Riding the Elephant Rock in Castle Rock, June 2009


-Denise Hawkins, a 2008 Venus de Miles Rider

Friday, July 10, 2009

Send us your pics

Send us your pictures of you riding in your Venus jerseys, shorts, or full kits, and we will get them up on the blog. I already took my first ride in my kit, and definitely turned some heads.

Tuesday, July 7, 2009

Sarah Sibley, Pusher(wo)man

Everyone has a story that starts "As long as I can remember I've been on a bike." Or, "I remember when I was 10 years old and I got my first cool bike." I do not have one of those stories. Oh sure, I had bikes - a Strawberry Shortcake big wheel, a blue Schwinn with white streamers sailing off the ends of the handlebars, an orange Trek Mountain bike in college that was nicknamed "the Burrito Runner." I was just never really into bikes growing up.

My, how things have changed. Five years ago, while living in Seattle, my husband casually asked if road riding was something I'd be into. I think my answer was "uhm, ya sure, maybe. Why?" Followed quickly by "Would I have to wear spandex?" Somehow he talked me into getting a road bike and making cycling a hobby that we would do together. "Come on, you're so good at spinning. You'll be a natural on a road bike." What a hustler!

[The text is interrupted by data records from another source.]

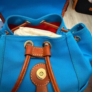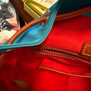 Dooney and Bourke nylon backpack with leather accents. Color is closer to a teal blue and then an ocean blue that is reflected in the photos. Features two outside pockets and one front zipper pocket. Drawstring and snap closure. Three inside pockets plus one zipper pocket and key security lanyard. Shoulder straps are tan nylon. Please note discoloration along seams, white mark on bottom of bag and somewhere near the snap closure, inside pocket stitching has started to come undone. Likely can be fixed. (photos of all marks included). Base 11”x7.5”. 13” high. Opening expands to 13”x14”.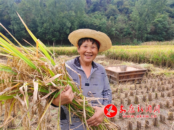 仙河鎮還有少部分像陳尚友這樣的傳統收割農戶,受地形條件限制,很多稻田收割機無法到達,傳統收割方式保留至今,也成為金黃色稻田間的一道風景線。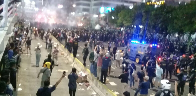 Massa aksi yang masih bertahan di persimpangan ruas Jalan MH Thamrin, Jakarta Pusat, dekat kantor pusat Bawaslu, sontan melempari batu karena menyangka akan diserang.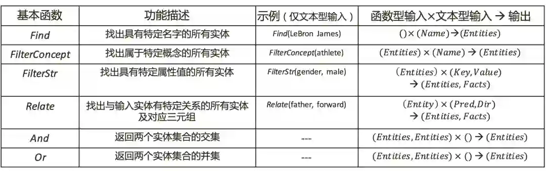 KoPL设计了14个基本函数,以支持对上述7种知识元素的操作。如Find函数找出具有特定名字的所有实体;FilterConcept函数找出属于特定概念的实体;Relate函数找出与输入实体有特定关系的所有实体。另外,KoPL还支持And和Or函数,通过两个实体集合的交和并来实现逻辑推理。图4展示了部分知识操作函数的功能描述、示例和输入输出。每个函数有两部分输入:一部分是函数输入(functional input),来自于其他函数的输出;另一部分是文本输入(textual input),来自于问题所指定的条件。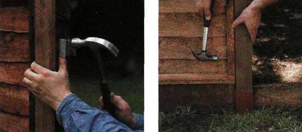 Если использованы винтовые зажимы, то заменить старую секцию на новую будет гораздо легче, поскольку секции прикручиваются к этим хомутам винтами. Если такая секция прибита гвоздями, вы можете повредить ее гвоздодером. Новая секция забора должна точно вписаться в пространство между столбами — тогда ее можно крепить прежним способом.

In a matter of weeks I was on a brilliant orange Motobecane SprinTour (later nicknamed "Orange Crush"). And seconds later I was falling off the same brilliant orange Motobecane SprinTour. It was a tough learning process, but luckily bruised knees and a bruised ego didn't hold me down. I dove headfirst and fell madly in love with cycling. I trained with a few ladies and did the Seattle to Portland 200 mile ride over two days in July 2006. When I crossed that finish line, you would have thought I just won the Olympic Gold Medal. I was sobbing and smiling and hugging and high-fiving everyone around me. It was glorious.

Finishing last years Venus de Miles 65-mile route on Orange Crush

After that, I was hooked. Along with a few girls, we started a recreational club called "Team Girl Parts." We'd meet once a week and on the weekends to ride together - no dudes. We figured there was a lot of time to talk on rides, and it's was great way for the ladies to talk about thing you just can't with the gentlemen. Also, we all had pretty competitive male partners that seems to want to always be King of the Mountain.

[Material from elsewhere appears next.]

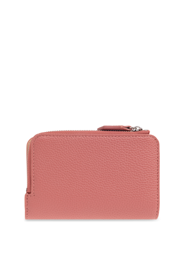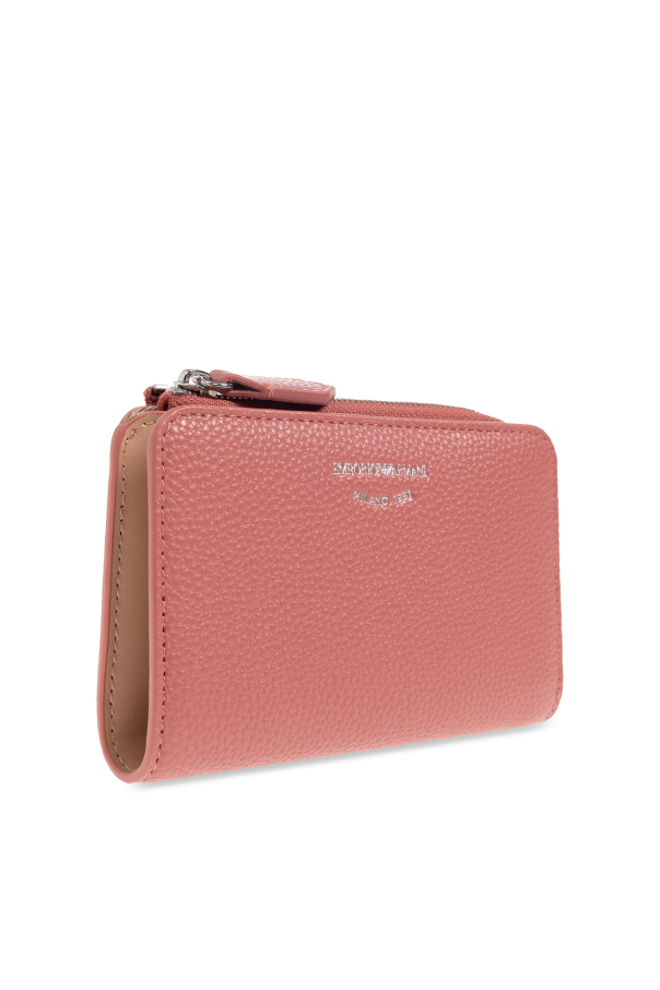 Pink folding wallet from Emporio Armani. Made of faux leather, this item fastens via a snap and showcases an embossed silver-tone logo on the front. It is complete with one zip pocket as well as a beige-clad interior with one bill pocket, two slip pockets and six card slots.

I've since moved away from Seattle and Team Girl Part, but am so so so so glad to have found Venus de Miles and an awesome group of ladies to ride with. I've put almost 3000 miles on Orange Crush and can't wait to double that.
Be warned. If you're a woman, and are thinking about getting on a road bike, I'm a pusher(wo)man. I'll get you on that bike and riding if it's the last thing I do.

Sarah Sibley is a board member and ride leader for Full Cycle's Venus de Miles Club, and general badass.